- Breed: Standardbred
- Sire: In The Pocket
- Grandsire: Direct Scooter
- Dam: Advance Debra
- Damsire: Vance Hanover
- Sex: Stallion
- Foaled: 1 August 1996
- Died: 29 July 2017
- Country: New Zealand
- Colour: Black
- Breeder: NJ&OW Cockcroft, PM Inkpen
- Owner: Greg Brodie
- Record: 56:41-4-0
- Earnings: $1,485,629

Major wins
- New Zealand Sires Stakes 2yo Final (1998) New Zealand Sires Stakes 3yo Final (1998) Great Northern Derby (1998) New Zealand Derby (1999) Victoria Derby (1999) Australian Derby (1999) New South Wales Derby (1999) Queensland Derby (1999) South Australian Cup (2001) Queensland Pacing Championship (2001) Australian Pacing Championship (2001)

Awards
- New Zealand 2-Year Old Pacer of the Year (1998) New Zealand 3-Year Old Pacer of the Year (1999) New Zealand 4-Year Old Pacer of the Year (2000) Australian 3-Year Old Pacer of the Year (1999)

Honours
- New Zealand Harness Racing Hall of Fame

= Courage Under Fire (horse) =

New Zealand Standardbred racehorse

Courage Under Fire (1 August 1995 – 29 July 2017) was a New Zealand-bred champion Standardbred race horse notable for being undefeated in his first 24 race starts. A diminutive horse, he was known as Mighty Mouse.

==Racing==
Courage Under Fire was undefeated in both his two- and three-year-old seasons of racing. As a three-year-old he won a record six derbies. In the Australian Derby at Moonee Valley he broke the track record defeating local star Shakamaker.

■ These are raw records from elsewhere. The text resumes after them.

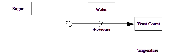 We will start the modeling process by defining the variables that we need to test our Reality Check equations and then entering our Reality Check equations. The Reality Check equations we have outlined talk about the number of yeast, the amount of water, the amount of sugar, the number of yeast divisions and temperature. Identifying levels, we put these into a skeletal model as: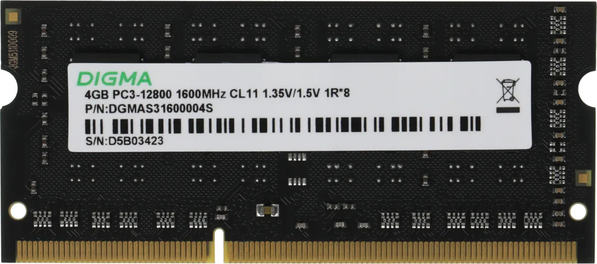 Память DDR3L 4Gb 1600MHz Digma DGMAS31600004S RTL PC3-12800 CL11 SO-DIMM 204-pin 1.35В (DGMAS31600004S)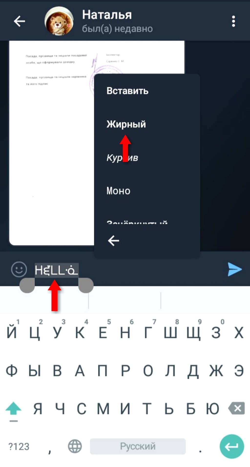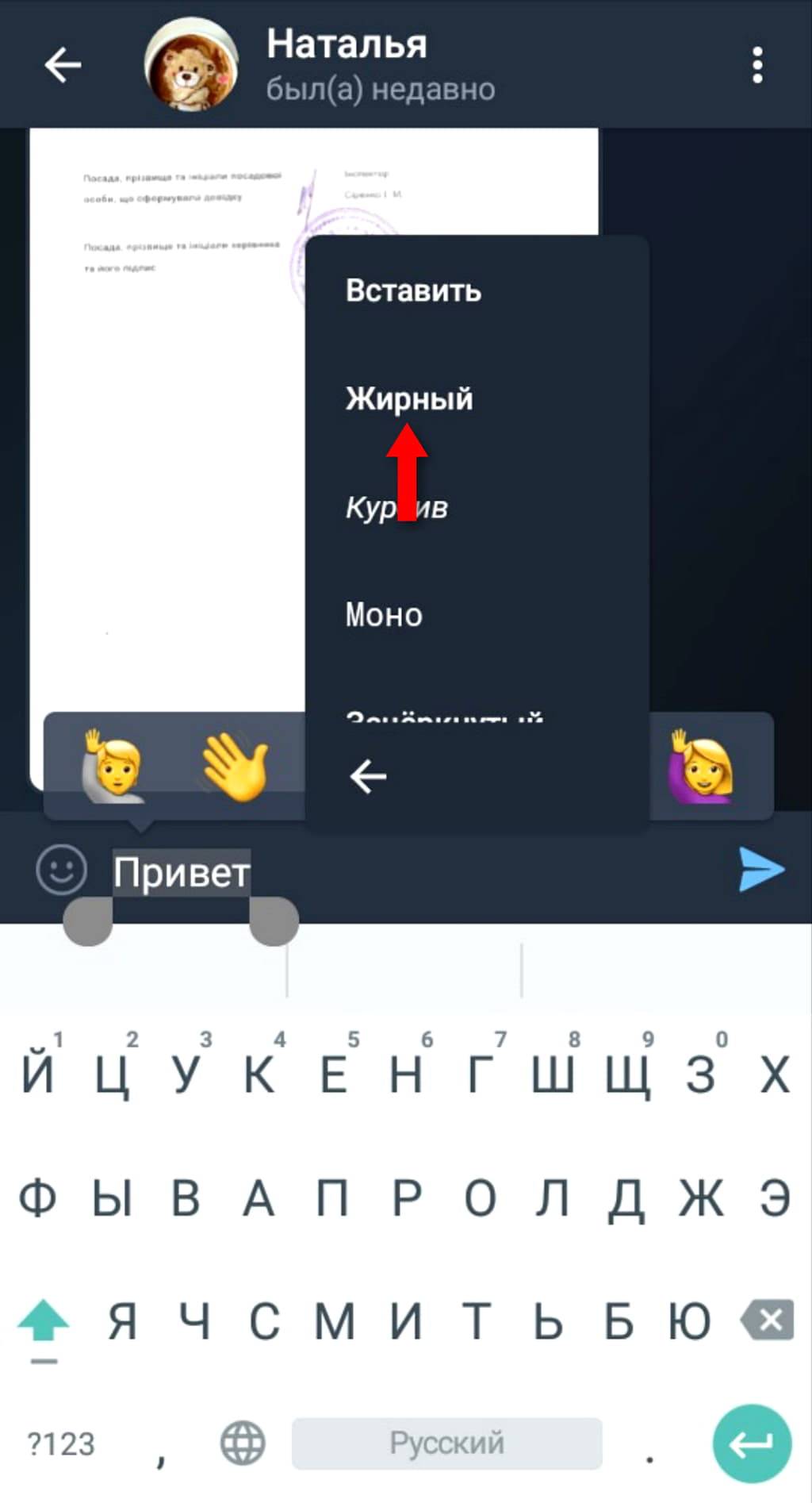 Первый предполагает выделение нужного фрагмента символами. Если в начале и конце слова поставить по две звездочки, то в послании оно отобразится с нужным начертанием. К примеру, написав в строке для ввода сообщения текст «**Привет**» (без кавычек), в переписке это будет отображаться как «Привет».

As an older horse Courage Under Fire was defeated for the first time in a heat of the 2000 Inter Dominion Pacing Championship after winning his first 24 races. After the 2000 Inter Dominion he was relocated from the New Zealand stables of Bruce Negus to Australian trainer Brian Hancock however his career plateaued. He later won the South Australian Cup, Queensland Pacing Championship and Australian Pacing Championship. He was narrowly beaten in the Miracle Mile and Victoria Cup and he won six heats of the Inter Dominion Pacing Championship and was fourth in the final in 2001. In the South Australian Cup at Globe Derby Park in 2001 he set a track record that stood until broken by his son Smolda in 2017. A popular horse, large crowds often surrounded his stall for a glimpse.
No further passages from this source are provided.